Reputation: 3083
I found that when trying to trap exit signal, starting a GenServer with GenServer.start
then Process.link
the pid has very different outcome than running GenServer.start_link
.
Here's the experiment code I used to demonstrate the problem:
defmodule Foo do
defmodule Server do
def init(_) do
Process.flag(:trap_exit, true)
{:ok, nil}
end
def handle_info({:EXIT, from, reason}, _) do
IO.inspect({:kill_signal, from, reason})
{:noreply, nil}
end
end
def foo() do
Process.flag(:trap_exit, true)
# version 1
{:ok, pid} = GenServer.start_link(Server, nil)
# version 2
# {:ok, pid} = GenServer.start(Server, nil)
# Process.link(pid)
# print process info
IO.inspect({self(), pid, Process.info(pid)})
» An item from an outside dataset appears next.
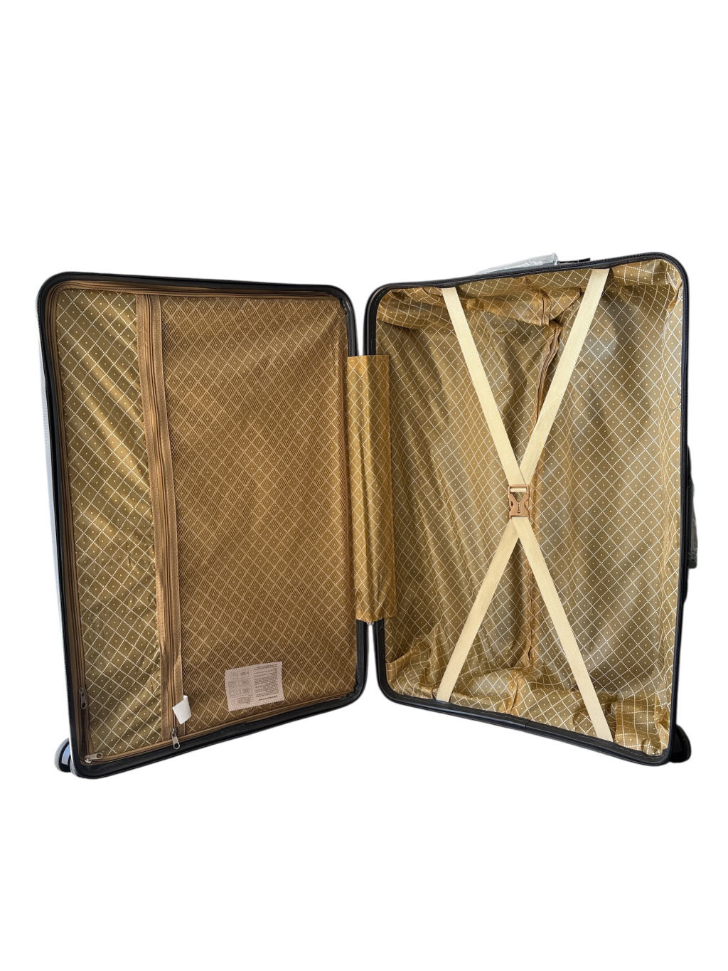 A bőrönd rendelkezik zipzáros elválasztóval, és pántolással.
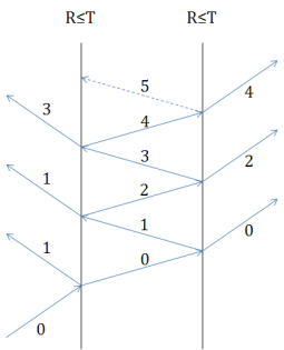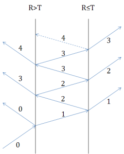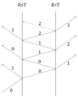 (c) Figure 1-13. Ancestry splitting of incident parent (0): a) R≤T both surfaces, b) R≤T, R>T, c) R>T, R≤T, d) R>T both surfaces.

Process.exit(pid, :reason)
:timer.sleep(200)
end
end
Foo.foo
With version 1, the EXIT signal cause the Server
to exit without being caught in its handle_info
block, but with version 2, the signal was correctly intercepted and processed in handle_info
block, and therefore Server
is not terminated. I also notice that the Process.info
of these two ways to start a GenServer are identical.
I tried the same thing with spawn_link
and spawn
, but they all behaves as expected - EXIT signal all being caught - there's no difference:
defmodule Foo do
def loop do
Process.flag(:trap_exit, true)
receive do
msg -> IO.inspect(msg)
end
loop
end
def foo() do
Process.flag(:trap_exit, true)
# version 1
pid = spawn_link(&loop/0)
# version 2
# pid = spawn(&loop/0)
# Process.link(pid)
# print process info
IO.inspect({self(), pid, Process.info(pid)})
Process.exit(pid, :reason)
:timer.sleep(200)
end
end
Foo.foo
By the way I'm using Elixir 1.8.1 on Erlang/OTP 21, if it matters.
I want to know what causes the difference in behaviors, is this a bug or by design, and how I can trap EXIT correctly if I want to call start+link atomically.
Upvotes: 1
Views: 1072
Reputation: 51349
handle_info
is not being called because the one sending the exit signal is the parent process. GenServer and all other behaviours handles the parent exit signal and always shuts down when the parent does, mainly because if you are in a supervision tree and your supervisor shuts down, you want to terminate immediately too as at that moment all bets are off. If you replace this:
Process.exit(pid, :reason)
By:
spawn fn -> Process.exit(pid, :reason) end
You can see handle_info
called as another process is sending the exit signal.